季節は春を迎えた。

のととぽろもきの家の周りには早春の草花が咲き乱れ、近くの山では桜の木が色あざやかに花を咲かせるようになった。

ぽろもきは使わなかったお金で2人の家を少しきれいにした。屋根の色も変えて、のとが好きな色の屋根にした。のとは初めて味わう幸福を噛みしめていた。また港町のカーティムのパン屋さんで働いていた。

ぽろもきは勉強を頑張って始めていた。やがて、大都会島から再試験の知らせが来た。ぽろもきは大都会島の仕事についてたくさんお金をもらって、大都会島に引っ越し、のとにいい暮らしをさせてあげようと考えていた。しかし、まずは再試験に受かって、仕事を選んでから考えることにしていた。
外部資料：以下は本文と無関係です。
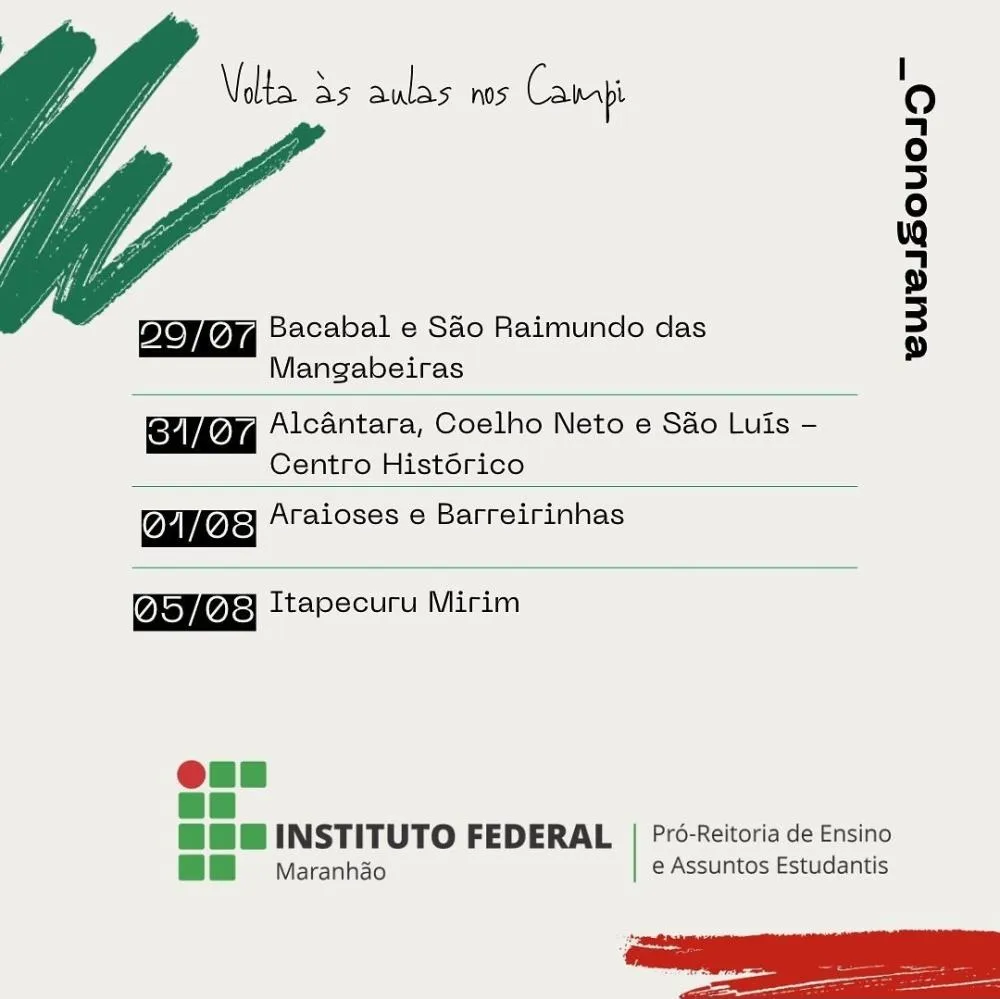 O Campus Carolina já retornou em 13/05 e os campi Barra do Corda, Imperatriz, Porto Franco e Viana não aderiram à greve e seguem com seus respectivos calendários acadêmicos normais.

それから、のとを大都会島に住む両親にも紹介しなければと思っていた。ただ、喜んでくれるとは思えないので、喧嘩別れのようになって、もう以前の家族には戻れないような気がしていた。それはそれで仕方がない。

今、自分にとって大切な人は、“のと”だから。

大都会島の再試験は、許可が出てから改めて申し込みをして、次の日に行われることになっていた。

2人ともこの時はまだ、この日常生活を一変させる出来事が起こることは全く予想していなかった。2人で一緒に暮らせることに喜びを噛みしめながら、身近な未来を夢見ていた。